Wale: Bringing Afrobeat To Mainstream Hip-Hop

Wale once kicked off a track rapping the line “allow me to introduce me, my name Wale don’t say Wally.” 11 years ago that was my introduction to him. As a new resident to the DMV area at that time the magnitude of what he represented to its denizens was lost on me. Only now 11 years later am I beginning to consider and comprehend a modicum of the magnitude that his identity as a Nigerian-American rapper meant not only to the American hip hop culture but also to the burgeoning hip-hop scenes across the continent of Africa and specifically to his homeland of  Nigeria.

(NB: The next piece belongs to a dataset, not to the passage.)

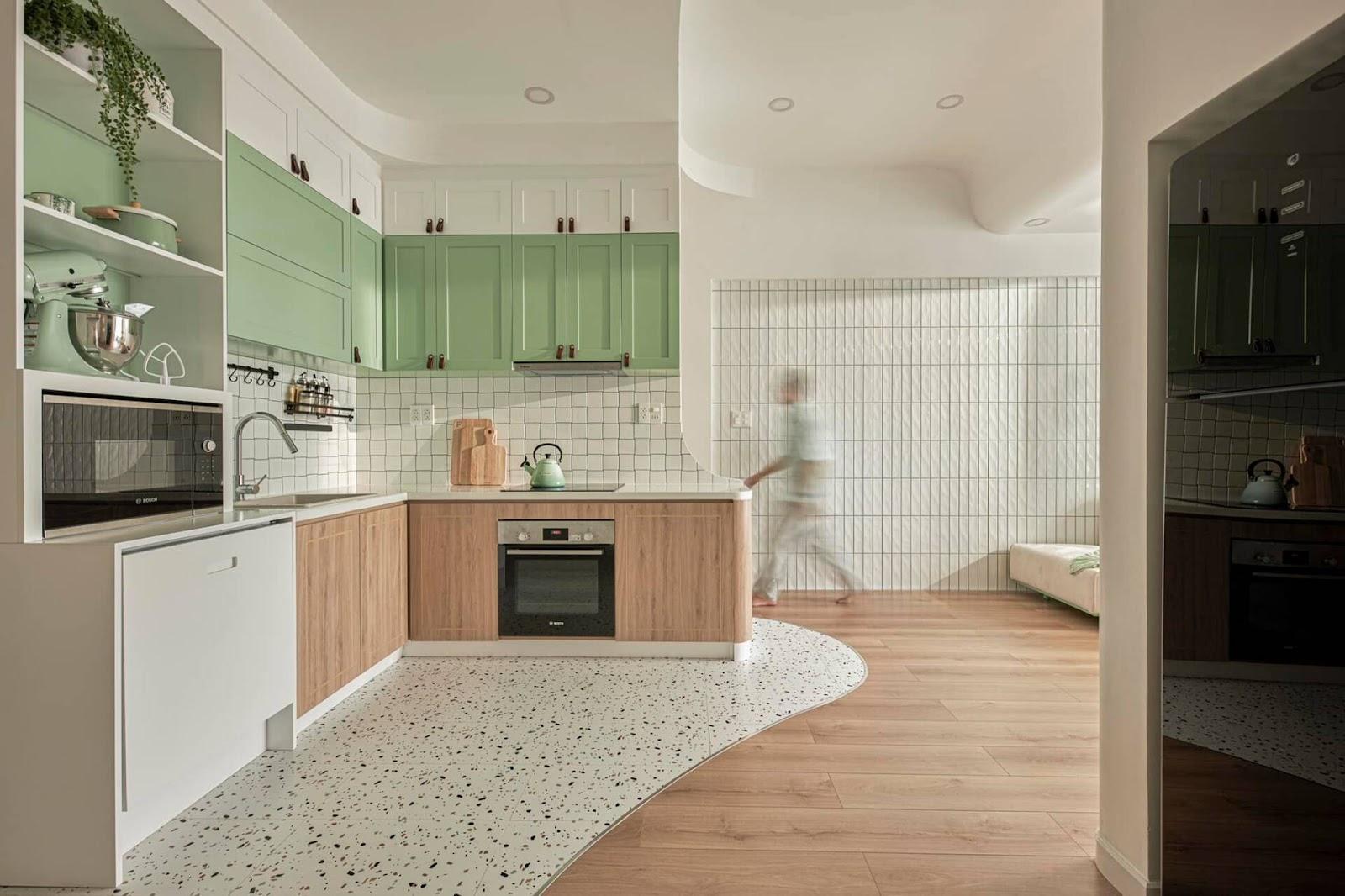 Nên chọn sàn bếp chống trơn trượt và bền bỉ với thời gian (Ảnh: Căn hộ thông tầng)

Born Olubowale Victor Akintimehin, a name that oozes African identity, Wale’s work has regularly displayed his connection to his homeland – if not sonically then only in mere mention. Taking into account his most recent studio album, Shine, Wale features a few of the most prominent and talented artists that Nigeria has to offer in Wizkid on “My Love”, Phil Adé (who is technically Nigerian-Grenadian) on “Smile”, along with Davido and Olamide on “Fine Girl”.

One tidbit of public interest, or perhaps merely of interest to me as a music journalist, is that this album made frequent use of Afrobeats. Afrobeats is a genre of music originating in Nigeria which Fela Kuti is credited for having created, or at the very least is a noted as an important factor in it’s utilization. It was created with elements of West African jùjù (a kind of Yoruba percussion per Wikipedia) and African-American jazz in the 1960’s and 1970’s.

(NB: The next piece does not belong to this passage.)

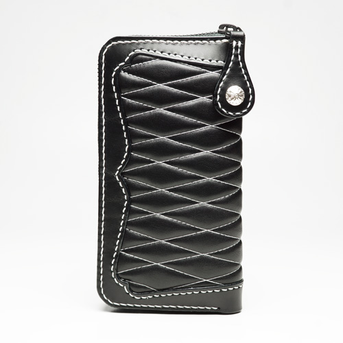 #677 ベース : ラウンドジップウォレット ダイヤモンドステッチ 白ステッチ
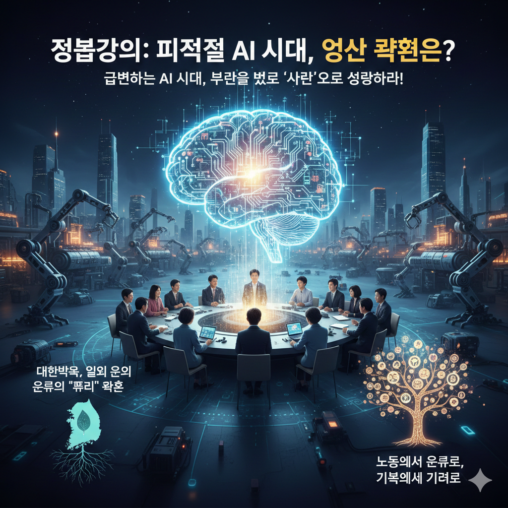 스승님의 이번 강의는 피지컬 AI 시대라는 현실적 변화를 통해 인류 문명의 거대한 전환점을 철학적, 존재론적 관점에서 해석합니다. 단순히 기술 발전에 따른 일자리 문제를 넘어, 인간의 본질과 역할에 대한 근본적인 재정의를 시도하는 것이 핵심입니다.

Shortly after Wale released ‘Shine’ , to much praise and critical acclaim, there was one critic in particular who tried to dull that shine by claiming Wale was riding the wave of rappers (*cough* Drake) who were biting the Caribbean sound. This…did not go well for the critic in the court of public opinion.


I won’t delve into the politics of a white music critic telling a Naija artist that he is biting the Caribbean sound while he is in fact creating the music of his people and culture – I’ll let the readers do the math on why that doesn’t add up. However I will say that Wale’s beats have ALWAYS been on point, especially on this album in which the Afrobeats are spirited, lively, and potent. The sound is equal parts unique and familiar. What we get is a finished product that combines his DC swagger and rap style with Naija afrobeat thusly representing and honoring the disparate nature of both his ethnic African background and American upbringing; ultimately creating something for both longtime and new fans alike.